# ContourPlot3D very noisy/pixelated

I try to draw a figure with a following code, where one ContourPlot3D should be shown above another ContourPlot3D:

a[t_, x1_, x2_,
x3_] := (x1 + x3)/(x1 + x3 + Exp[2*t]*x2) - (x2 + x3)/(x2 + x3 +
Exp[2*t]*x1) + (x1 + x2)/(x1 + x2 + Exp[2*t]*x3);
b[t_, x1_, x2_,
x3_] := -(x1 + x3)/(x1 + x3 + Exp[2*t]*x2) + (x2 + x3)/(x2 + x3 +
Exp[2*t]*x1) + (x1 + x2)/(x1 + x2 + Exp[2*t]*x3);
c[t_, x1_, x2_,
x3_] := (x1 + x3)/(x1 + x3 + Exp[2*t]*x2) + (x2 + x3)/(x2 + x3 +
Exp[2*t]*x1) + -(x1 + x2)/(x1 + x2 + Exp[2*t]*x3)

Show[ContourPlot3D[
v1 + v2 + v3 == 1, {v1, 0, 1}, {v2, 0, 1}, {v3, 0, 1},
RegionFunction ->
Function[{v1, v2, v3, f},
a[0, v1, v2, v3] > 0 && b[0, v1, v2, v3] > 0 &&
c[0, v1, v2, v3] > 0], PerformanceGoal -> "Quality",
Ticks -> {{0, 1}, {0, 1}, {0, 1}}, ContourStyle -> Green,
Mesh -> None, PlotPoints -> 200, WorkingPrecision -> 10,
MaxRecursion -> 2],
ContourPlot3D[v1 + v2 + v3 == 1, {v1, 0, 1}, {v2, 0, 1}, {v3, 0, 1},
RegionFunction ->
Function[{v1, v2, v3, f},
a[10, v1, v2, v3] > 0 && b[10, v1, v2, v3] > 0 &&
c[10, v1, v2, v3] > 0], PerformanceGoal -> "Quality",
ContourStyle -> Black, Mesh -> None, PlotPoints -> 200,
WorkingPrecision -> 10, MaxRecursion -> 2]]


My problem is: the picture is very "noisy" ("pixelated"), the green layer is visible there where (only) the black layer should be. Which pixels show through changes as the figure is rotated. I cannot really fix this behaviour by increasing the number of points or working precision. What can help here?

3D graphics primitives are not layered the way 2D primitives are. They are sorted and if not actually drawn back-to-front, the color of a pixel is determined by the corresponding front-most primitive. Showing the contour plots together means you have two surfaces that mathematically should occupy the same points.
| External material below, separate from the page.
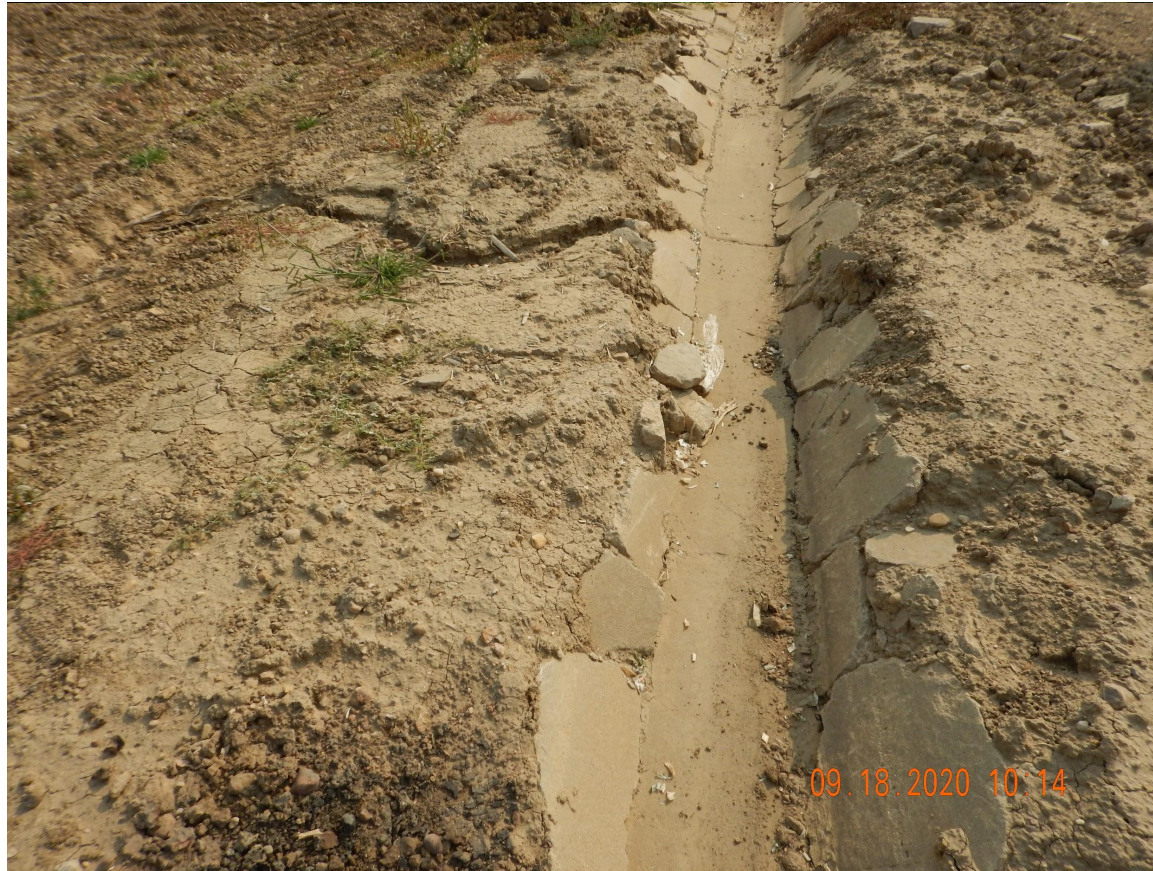
Photo 11. Photo taken from the P&A location. Photo illustrates a damaged irrigation ditch from plugging operations.
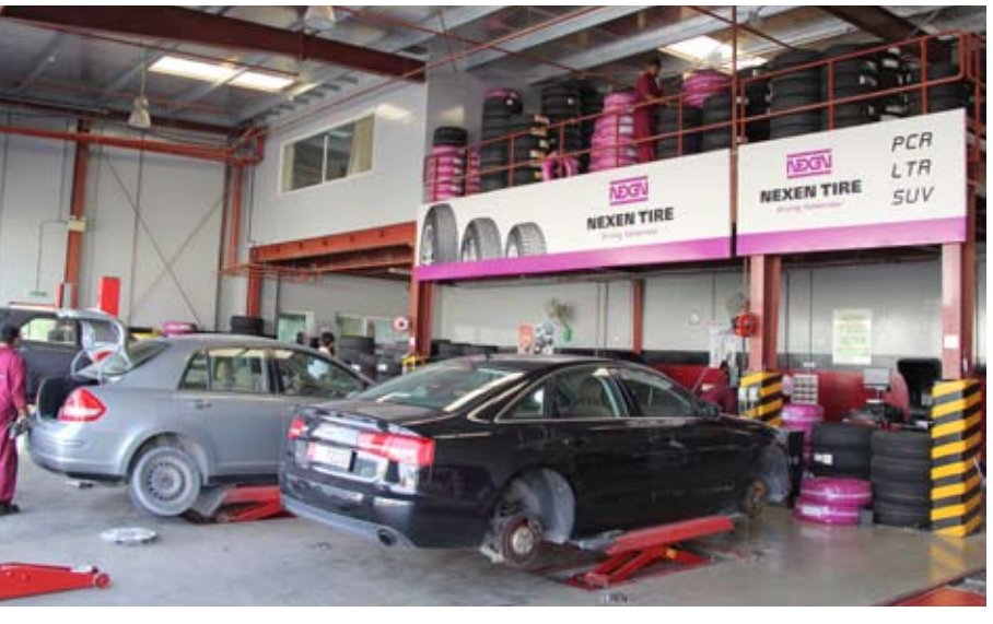
Service Facility for Cars and Trucks in Al Saeedi DIP

companies that look after the UAE market. The city office is based in the upcoming industrial area, Dubai Investments Park.

If that were to happen, there must be some sort of tie-breaker to decide which of the two colors to use. It looks like it is which ever primitive comes last in the initial specification, maybe. However, due to rounding error, they probably don't always occupy the same points. Knowing what I do about plotting, I am not surprized to se more pixelation near the edge of the black, because ContourPlot3D will do some extra refinement there. Since it's not doing the same calculations, the probability that rounding error will sometimes put a green polygon in front of a black one and sometimes not is greater. The flickering that occurs when rotating is typically of this rounding error. The rounding error happens in the GPU, after the kernel is done, so raising WorkingPrecision to greater than \$MachinePrecision, which is about 15.95, won't help.
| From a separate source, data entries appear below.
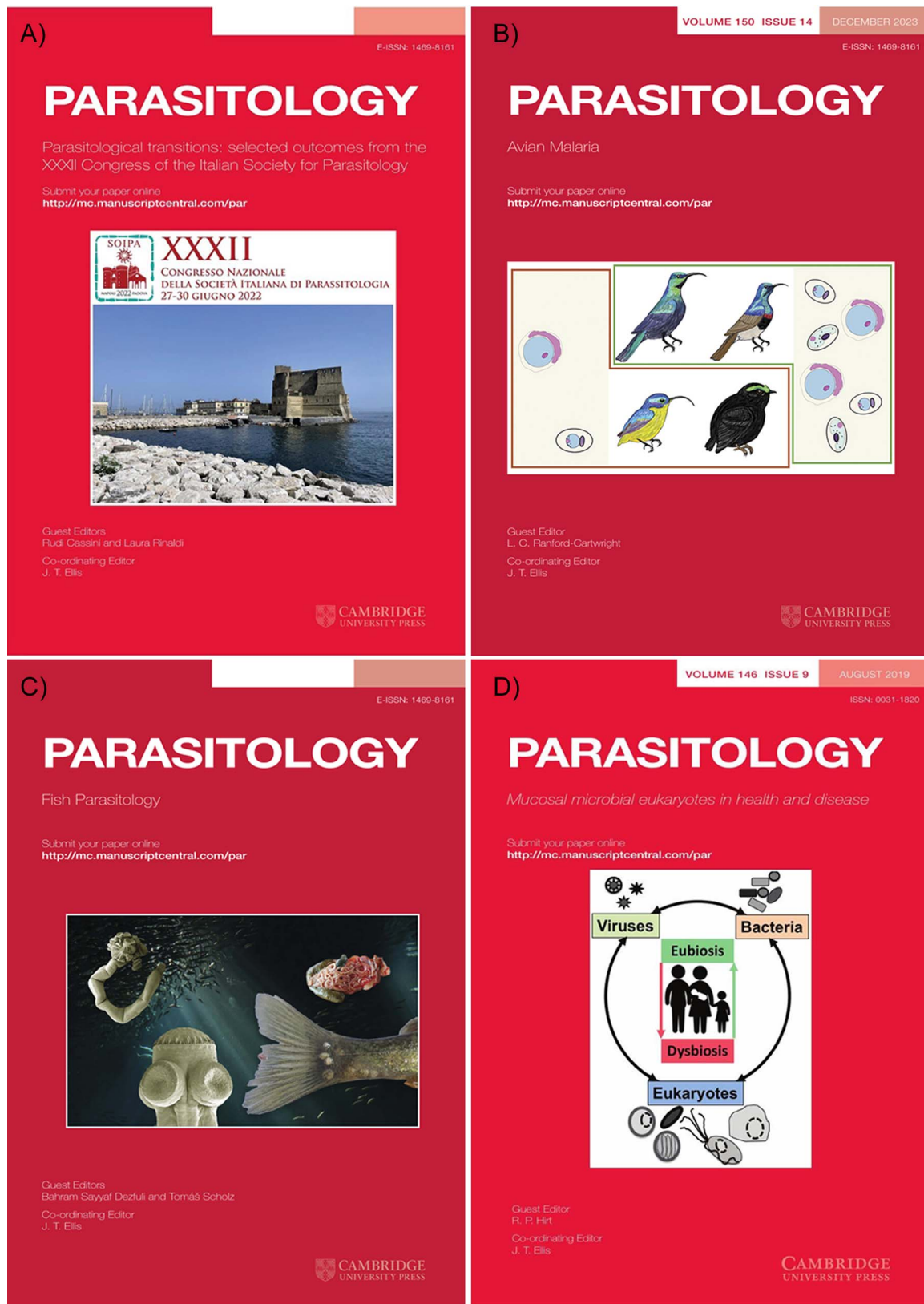
Figure 2. Front covers of four special issues: (A) XXXII congress of the Italian society for parasitology; (B) avian malaria; (C) fish parasitology; (D) mucosal microbial eukaryotes in health and disease.
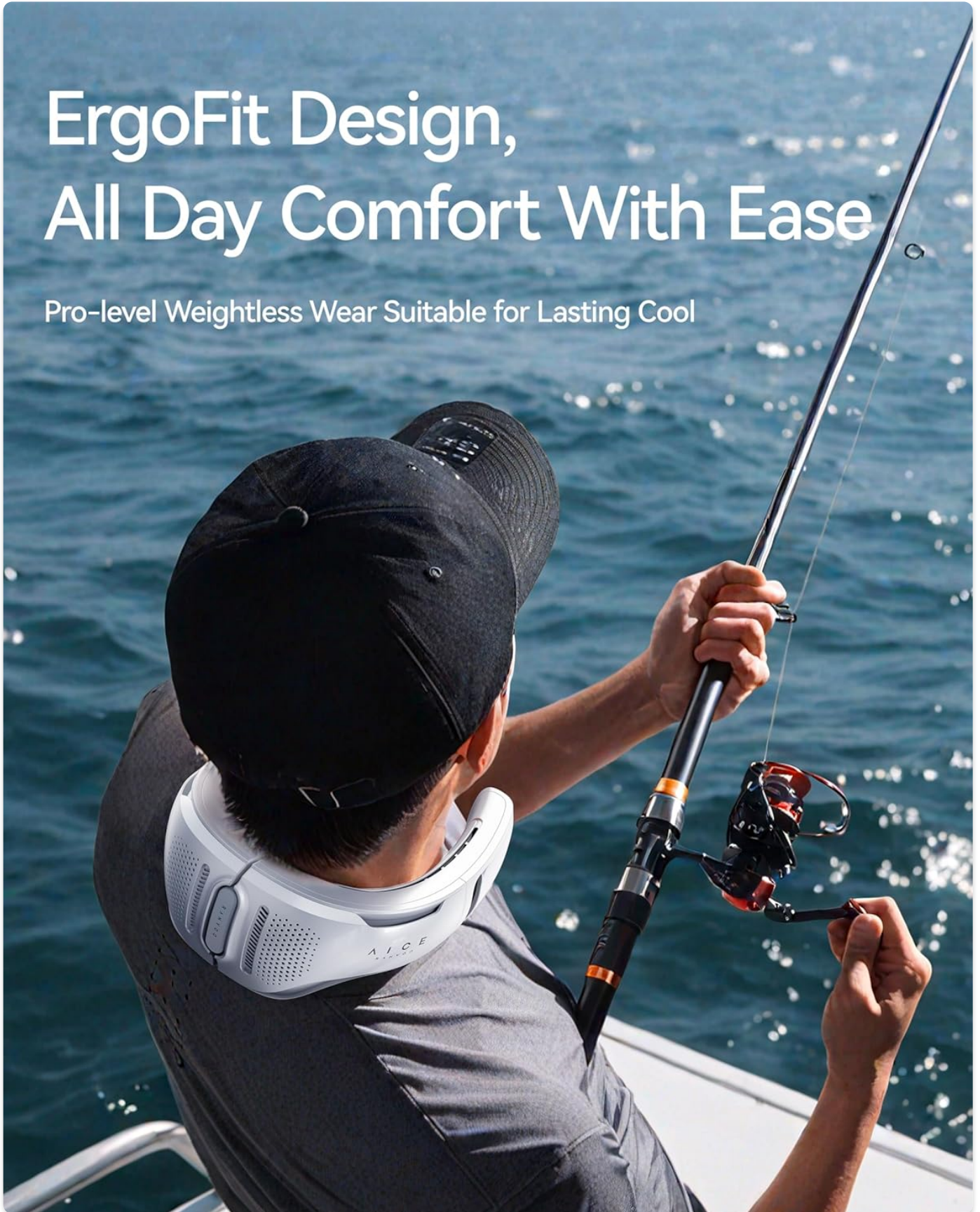
Figure 5: The device worn comfortably during outdoor activity.

Pro-level Weightless Wear Suitable for Lasting Cool
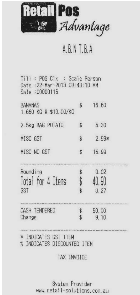
A Typical Receipt

The way to avoid it is to use MeshShading. However, that's difficult to get to look nice in ContourPlot3D because of the way the sample space is discretized. Here's a good way for the case at hand, which relies on its symmetry:

ParametricPlot3D[{1, 1, 1}/3 +
r (Sin[t] {-1, -1, 2}/Sqrt[6] + Cos[t] {-1, 1, 0}/Sqrt[2]), {t, 0,
2 Pi}, {r, 0,
Min[Select[Positive]@{Sec[t + Pi/2], Sec[t - Pi/6],
Sec[t - 5 Pi/6]}/Sqrt[6]]},
MeshFunctions -> {Function[{v1, v2, v3},
If[v1 > 0 && v2 > 0 && v3 > 0, (* this should be unnecessary *)
a[10, v1, v2, v3] b[10, v1, v2, v3] c[10, v1, v2, v3], -1]]},
MeshShading -> {Green, Black}, Mesh -> {{0}},
PlotPoints -> {97, 25},(* pick of the form {6n+1, m} *)
Ticks -> {{0, 1}, {0, 1}, {0, 1}}, MaxRecursion -> 0]
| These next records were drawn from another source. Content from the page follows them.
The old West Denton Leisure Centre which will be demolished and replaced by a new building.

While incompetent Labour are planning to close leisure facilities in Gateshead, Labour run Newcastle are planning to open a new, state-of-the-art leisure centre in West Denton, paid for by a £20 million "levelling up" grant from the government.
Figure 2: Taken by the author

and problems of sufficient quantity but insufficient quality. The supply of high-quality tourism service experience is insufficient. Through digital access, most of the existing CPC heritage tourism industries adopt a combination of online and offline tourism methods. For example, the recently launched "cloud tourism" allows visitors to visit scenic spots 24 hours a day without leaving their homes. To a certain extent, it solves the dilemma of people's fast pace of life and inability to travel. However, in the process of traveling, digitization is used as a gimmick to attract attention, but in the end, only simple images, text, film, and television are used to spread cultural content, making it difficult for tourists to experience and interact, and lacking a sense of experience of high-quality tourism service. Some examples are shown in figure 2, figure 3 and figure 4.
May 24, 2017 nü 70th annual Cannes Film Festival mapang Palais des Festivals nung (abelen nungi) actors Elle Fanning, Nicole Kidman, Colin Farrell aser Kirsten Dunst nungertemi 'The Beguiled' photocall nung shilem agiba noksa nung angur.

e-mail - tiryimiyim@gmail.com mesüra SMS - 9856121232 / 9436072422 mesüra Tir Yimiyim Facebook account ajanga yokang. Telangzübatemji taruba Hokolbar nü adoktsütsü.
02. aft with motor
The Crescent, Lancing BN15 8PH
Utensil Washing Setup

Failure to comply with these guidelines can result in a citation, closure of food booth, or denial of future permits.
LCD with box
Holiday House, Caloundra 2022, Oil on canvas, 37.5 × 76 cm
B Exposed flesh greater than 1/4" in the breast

It's a polar paramterization centered at the centroid. The vertices align with the angles at Pi/2, 7Pi/6, and 11Pi/6. As long as the t domain is subdivided into a multiple of 6 intervals, the MeshFunctions will find the green/black boundary. This can be insured by setting PlotPoints for t to be a multiple of 6 plus one. Setting MaxRecursion greater than 0 causes points outside the triangle to be included (why, I do not know). In that case, the MeshFunction, which is only a valid representation of the OP's RegionFunction inside the triangle, cause some of the edge of the triangle to be colored black -- rather frustrating.

Here's a ContourPlot3D way, implementing the same idea:

ContourPlot3D[v1 + v2 + v3 == 1, {v1, 0, 1}, {v2, 0, 1}, {v3, 0, 1},
MeshFunctions -> {Function[{v1, v2, v3},
a[10, v1, v2, v3] b[10, v1, v2, v3] c[10, v1, v2, v3]]},
MeshShading -> {Green, Black}, Mesh -> {{0}},
RegionFunction ->
Function[{v1, v2, v3, f},
a[0, v1, v2, v3] > 0 && b[0, v1, v2, v3] > 0 &&
c[0, v1, v2, v3] > 0], Ticks -> {{0, 1}, {0, 1}, {0, 1}},
PlotPoints -> 200, MaxRecursion -> 2]


A close inspection will show that the black region become disconnected as it approaches the vertices.